Study design and participants

Details of the Tianjin Chronic Low-Grade Systemic Inflammation and Health (TCLSIH) Cohort Study have been described elsewhere [17]. Briefly, participants were randomly recruited between January 2010 and December 2016 from the general population in Tianjin, China. The inclusion criteria for the TCLSIH cohort study were men and women who were 18 years and older living in Tianjin, China for at least 5 years. Subjects in the present study were sampled by a random process, using a random number generator. Nearly all occupations are covered in this study, and we also included retired individuals living in residential communities.

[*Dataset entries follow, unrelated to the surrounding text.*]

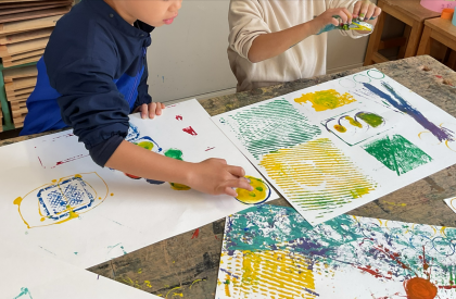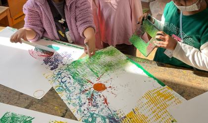 図画工作科「うつしたかたちから」の学習は、図工室で行いました。子ども達は、「ロボットに見えてきた!」「トイレットペーパーの芯を折り曲げたらハートになったよ。」とつぶやきながら楽しそうに取り組んでいました。次は、パスやペンで模様や顔を書き足します。どんな作品になるのか楽しみですね。
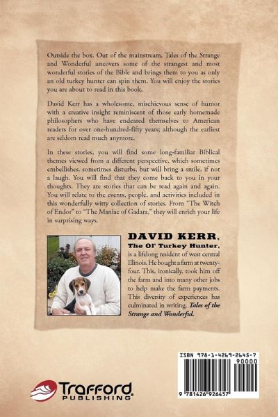 Outside the box. Out of the mainstream. Tales of the Strange and Wonderful uncovers some of the strangest and most wonderful stories of the Bible and brings them to you as only an old turkey hunter can spin them. You will enjoy the stories you are about to read in this book. David Kerr has a wholesome, mischievous sense of humor with a creative insight reminiscent of those early homemade philosophers who have endeared themselves to American readers for over one-hundred-fifty years; although the earliest are seldom read much anymore. In these stories, you will find some long-familiar Biblical themes viewed from a different perspective, which sometimes embellishes, sometimes disturbs, but will bring a smile, if not a laugh. You will find that they come back to you in your thoughts. They are stories that can be read again and again. You will relate to the events, people, and activities included in this wonderfully witty collection of stories. From "The Witch of Endor" to "The Maniac of Gardara," they will enrich your life in surprising ways.
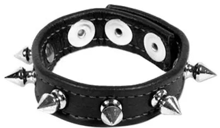 Voor een ruige, uitdagende ervaring is dezeleren balzakring met spikes een onmisbaar accessoire. Hetdoorgestikte rundleer voelt stevig aan en deverstelbare pasvorm zorgt voor een comfortabele, maar dominante grip. De metalen spikes voegen een extra sensationele prikkel toe voor wie durft.
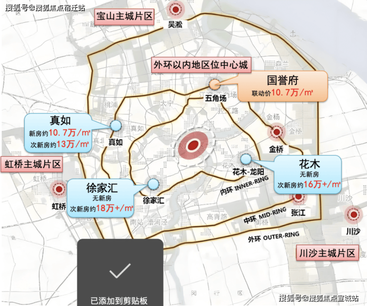 徐家汇、花木板块次新房价格普遍在16万+/㎡,真如的新房价格逼近11万/㎡,次新房价格普遍在13万+/㎡,而五角场的纯新盘“国誉府”,联动价仅有10.7万/㎡,绝对的价格洼地!
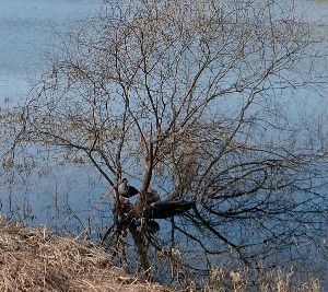 은파 호수에서 한가로이 헤엄치고 있는 물오리 나뭇가지 위에서 잠시 쉬고 있는 오리 한쌍
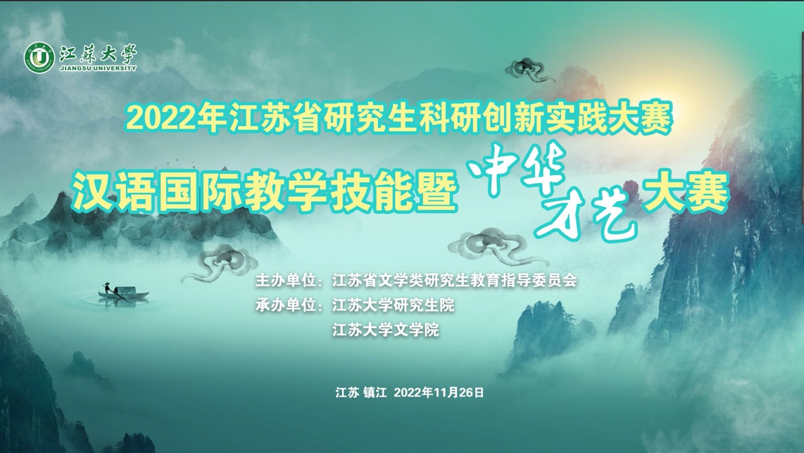 2022年11月26日,2022年江苏省研究生科研创新实践大赛汉语国际教学技能暨中华才艺大赛圆满落幕。此次赛事由江苏省文学类研究生教育指导委员会主办,江苏大学研究生院、江苏大学水果派解说
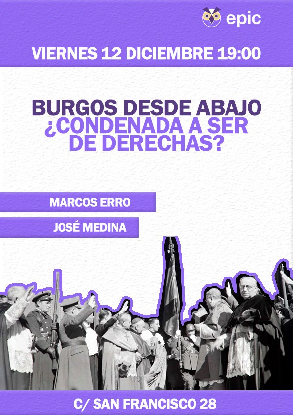 Último EPIC Burgos de 2025Los autores de "Gamonal la Historia desde Abajo" hablarán sobre la realidad social de nuestra ciudad y si sólo somos una ciudad de "curas y militares"No te lo pierdas!
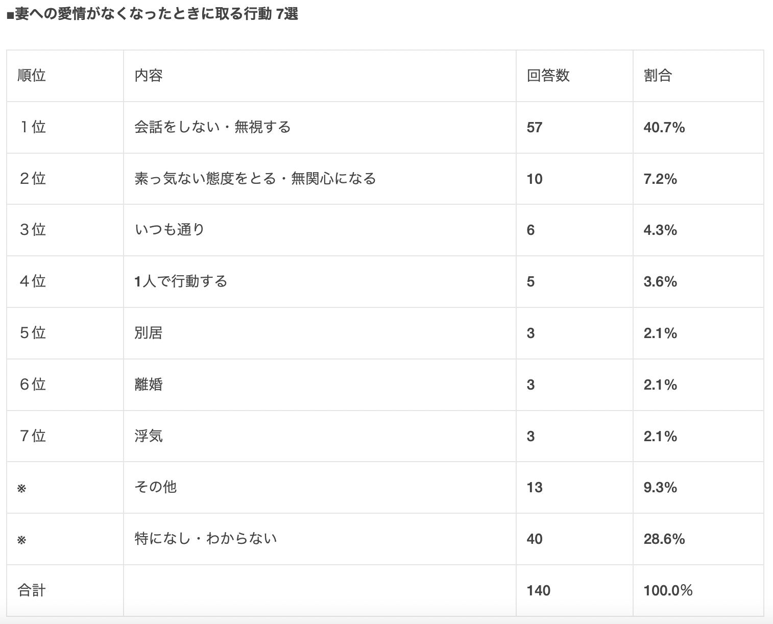 ほとんどの回答内容が妻を相手にせず生活をするという調査結果になりました。
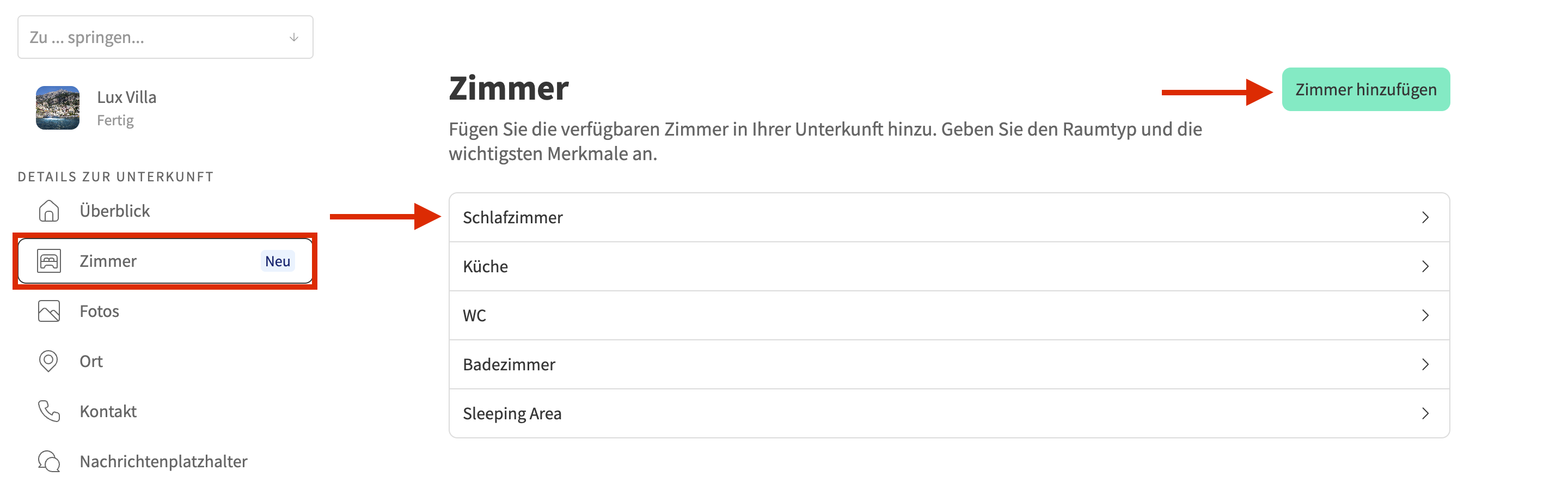 - Klicken Sie auf Zimmer hinzufügen, um ein neues Zimmer für Ihre Unterkunft zu erstellen, oder klicken Sie auf ein bestehendes Zimmer, um es zu bearbeiten.
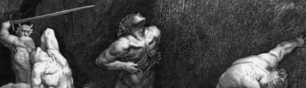 The first one Dante sees is Mahomet, disemboweled, who tells him that his son-in-law, Ali, is in the same condition and that all the others are horribly mangled in some manner. As they circle the chasm, the wounds heal, but when they complete the circle, the wounds are renewed by a devil with a sword.
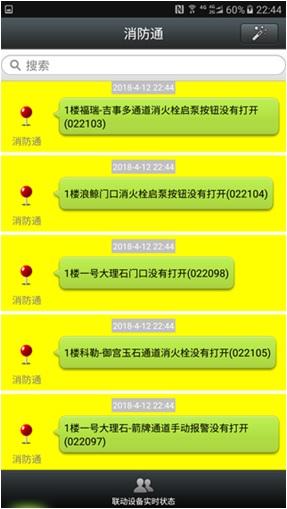 5、防火分区联动设备自动监测功能,在警报发生后,系统自动监测防火分区的联动设备并将联动设备的实时状态发送到管理人员的手机和电脑上。联动信息实时状态可以作为甄别真假火警辅助依据,在火灾发生后第一时间掌握设备运行状态并进行处理,例如下拉卷帘门没有动作的情况下手工进行处理等。
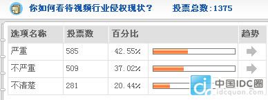 調(diào)查顯示,42.55%的網(wǎng)友認(rèn)為目前中國視頻行業(yè)侵權(quán)現(xiàn)象嚴(yán)重,近40%的網(wǎng)友認(rèn)為并不嚴(yán)重,另外有20.44%的網(wǎng)友未表明態(tài)度。
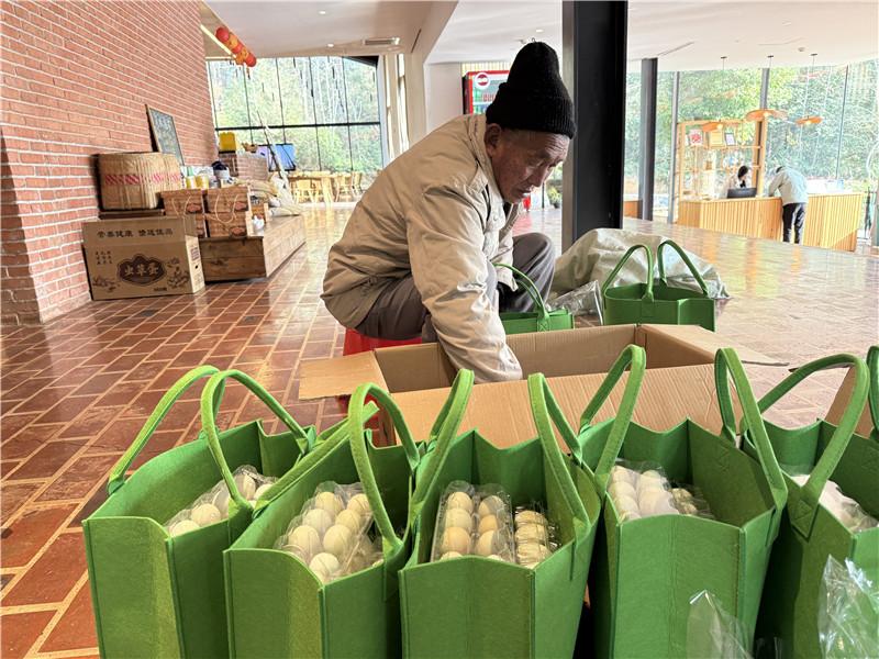 2023年,海洋村嘗試“農(nóng)業(yè)+民宿”,將村里的養(yǎng)殖的土豬、土雞制作成半成品,包裝成禮盒售賣,“去年剛開始只銷售了二十多萬元。今年的銷售情況很好,從2024年底到現(xiàn)在,已經(jīng)售賣了六十多萬元?!?馮源淵笑容滿滿,“進入臘月后,已經(jīng)宰殺了二十多頭黑豬,還有致電想要預(yù)定的都沒有了?!?/p>

Therefore, the sample population used here is representative of the general adult population in Tianjin, a typical city in north China. All participants received at least 2 health examinations in our study (including liver ultrasound examination, anthropometric measurements, and blood tests) and completed a structured questionnaire survey [18]. The questionnaire consisted of the following contents: age, gender, smoking and drinking habits, history of diseases (cardiovascular disease, hypertension, hyperlipidemia, and diabetes), and family history of diseases (cardiovascular disease, hypertension, hyperlipidemia, and diabetes). The reliability and validity of the questionnaire have been assessed, with the Spearman’s rank correlation coefficient of 0.67 and 0.58, separately. Written informed consent was obtained from all participants. The ethical protocol of this study was approved by the Medical Ethics Committee of the Tianjin Medical University with the reference number of TMUhMEC 201,430, in accordance with the 1975 Declaration of Helsinki (as revised in 1983).

From 2010 to 2016, a total of 90,536 participants received health examinations. We excluded 170 participants who had missing data on alanine aminotransferase, 4013 participants had excessive alcohol intake (> 140 g/week in males and > 70 g/week in females), and 28,935 participants who had NAFLD at baseline. Moreover, we excluded 767 participants with other liver diseases (including autoimmune liver diseases, chronic hepatitis B or C, cirrhotic or operation on liver), and those with a history of cardiovascular disease (n = 5475) or cancer (n = 1039), and those aged < 25 years (n = 3996). Furthermore, participants were also excluded if they were recruited in 2016 (n = 4894) or were lost in following up (n = 5253). Furthermore, based on the prevalence of NAFLD in Chinese population and on the principle of 10 outcome events per variable [19], the sample size was calculated. Finally, a total of 35,994 participants were available for analysis (follow-up rate: 87%; followed up for 2–5.5 y; mean duration of follow-up (standard deviation): 2.6 (1.6)).

Assessment of height

Standing height without shoes was measured to the nearest 0.1 cm using an automatic BMI measuring stadiometer with a precision of 0.1 cm and a range of 0.9–2.50 m (BSM370, Chungcheongnam-do, Korea). In order to investigate how height level is associated with NAFLD, we divided males and female participants into 5 categories (quintiles) according to height, in cm (range), as follows: [1] Level 1 (148.5–167.7), Level 2 (167.8–171.2), Level 3 (171.3–174.3), Level 4 (174.4–178.1), and Level 5 (178.2–204.1) in males [2]; Level 1 (138.0–156.2), Level 2 (156.3–159.5), Level 3 (159.6–162.1), Level 4 (162.2–165.4), and Level 5 (165.5–184.6) in females.

Diagnosis of NAFLD

Real-time ultrasonography performed by trained and certified technicians was used to diagnose NAFLD. Participants were considered to have NAFLD if [1] they had a self-reported alcohol intake of < 140 g/week and < 70 g/week for males and females, respectively [2]; and at least two of the following abnormal findings of abdominal ultrasound images: diffusely increased liver near field ultrasound echo; increased liver echotexture, compared to the kidneys; vascular blurring and the gradual attenuation of far field ultrasound echo [20]. Inter-observer variations for NAFLD status (yes or no) were evaluated in a subsample of 200 participants from the TCLSIH study. The Kappa coefficient was 0.90, and the total agreement was 96.4%.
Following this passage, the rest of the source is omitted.